Sheppard stares, his shoulders tense and he feels his eyes start wanting to slip away from looking at Lorne. He is horrified. Oh dear God. McKay’s jaw drops from his own horror. Oh God. Even Ronon looks stunned. She had walked right into the arms of the enemy, knowingly. Teyla’s mouth slackens. Her mind stalls in her emotions, not even she had been sure she ever wanted to return there again, and for the Lieutenant to…
“But why,” the stunned Athosian leader breathes.
Lorne extends the box out to her. She looks at it then at him, confused. She starts to shake her head at him, shrug her shoulders, but he keeps it held out to her. She takes the box and opens it. Her eyes widen and her jaw actually drops. She looks back up at Lorne.
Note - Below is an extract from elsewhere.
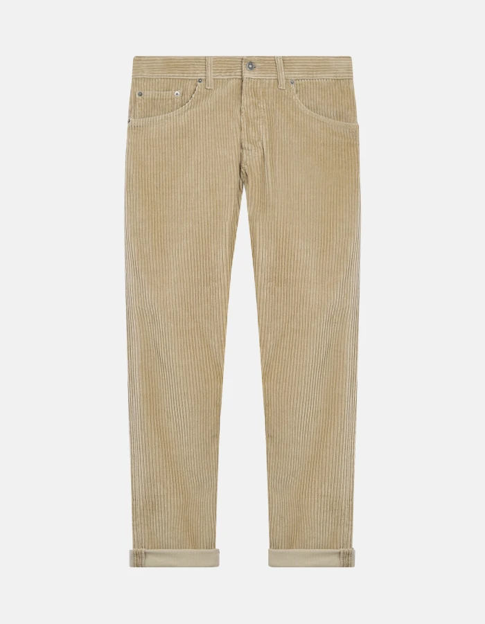 Icon regular-fit five-pocket trousers, regular waist. 500 rib stretch needlecord. Dondup logo. Made in Italy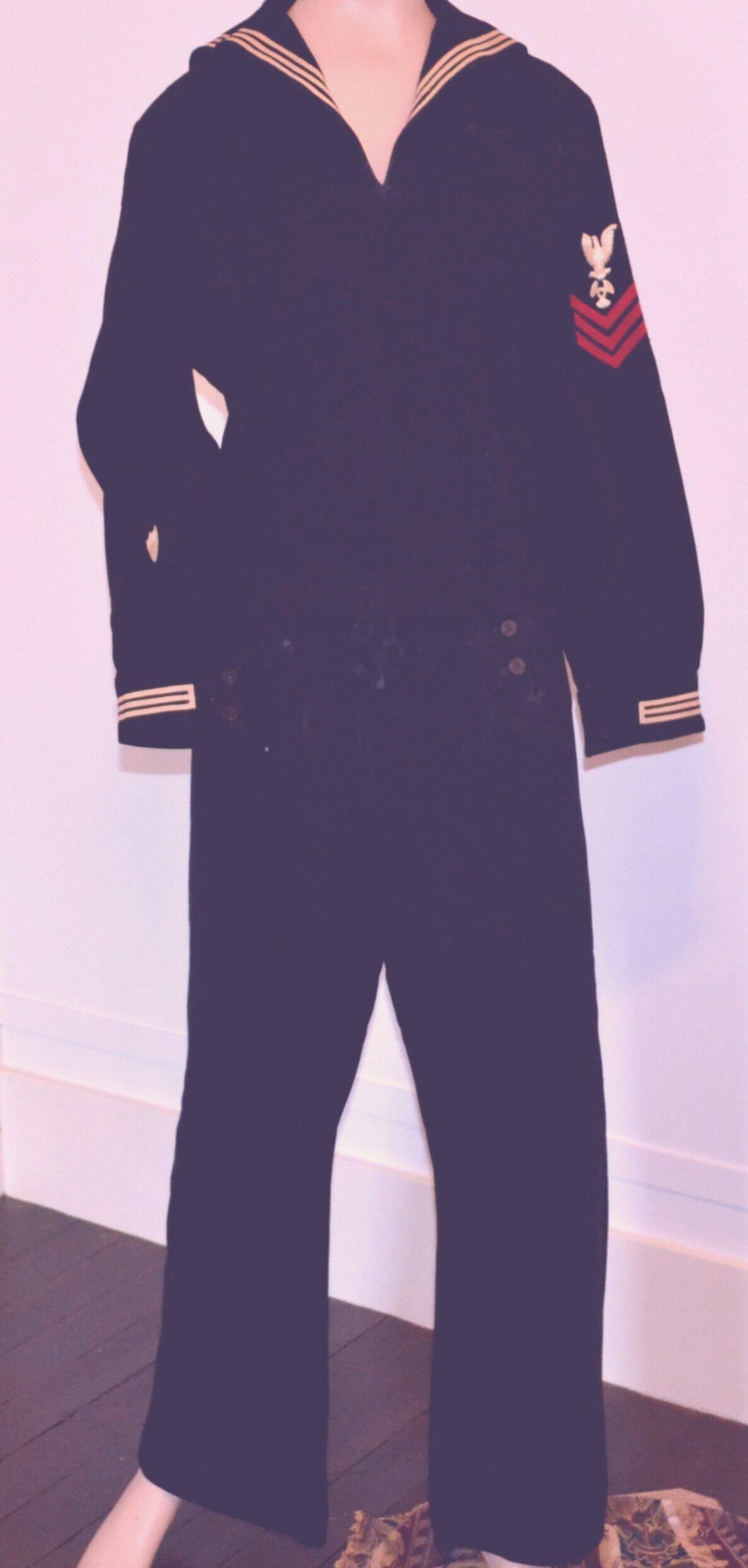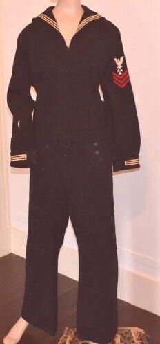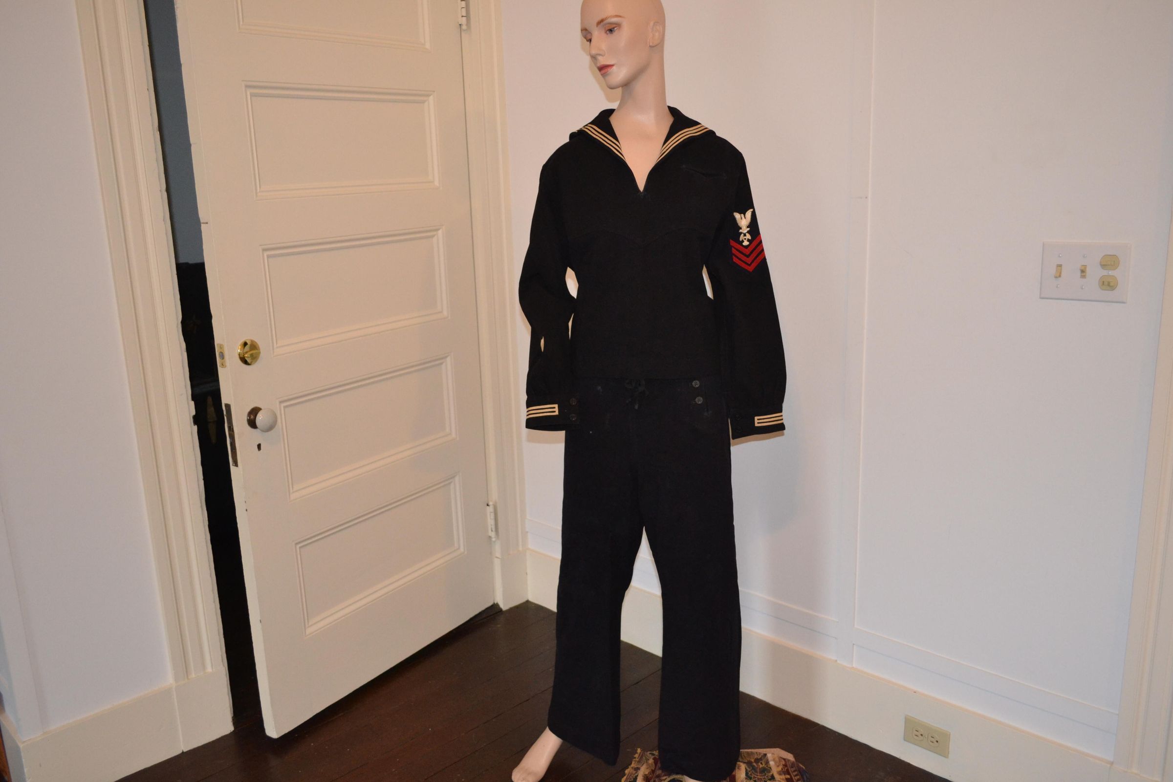 Coast Guard uniform of Jesse Hall Bates (5/29/1893-3/15/1972) probably WW1. Dark navy or black wool, blouse & pants, 3 red stripes on one sleeve, white anchor embroidered on other, white stripes on blouse cuffs, stars on collar. Both pieces labeled inside "United States Coast Guard"

Teyla lets the box’s hood fall back to reveal the arm Kenmore had freed and used to get them into the Ancient transporter.
“The DNA results came back on those fluids that splattered her half an hour after she was released from the infirmary,” Lorne says, “Teyla, they were your father’s.”
Sheppard’s team stares at the decaying arm in the box in her hands. Teyla tries to find the words but Lorne speaks up before she can even begin to tame her mind enough to think of them…
“She believes you would have wanted this. She said she knew what it felt like to not have anything to bury except memories. She said she knew what it would mean to you to be able to put anything to rest no matter what it was.”
Teyla can’t speak. None of them can. Standing in the doorway to the medical wing, Teyla turns her head to see inside. The others look with her. Woolsey looks on from the other side of the room while Keller and a team of nurses run around Kenmore sitting on the edge of a sickbed. They’re cleaning cuts like the deep one she has on the left side of her lower lip and patching up other ones, tending to bruises and the one hell of a shiner she had going over her right eye. It’s practically swollen shut and the skin around it is so bruised it has actually turned genuinely black with a jaundice greening around it’s edges but even as they stand there watching, the blackening is starting to turn to a deep, deep shade of plum purple and the green is starting to pinken and the swelling’s subsiding enough the area is starting to look like it has an eye in it again. Teyla closes the box and holds it close. She had it. Sheppard and his team watch on. Sheppard shakes his head a little, Damn if the kid isn’t good.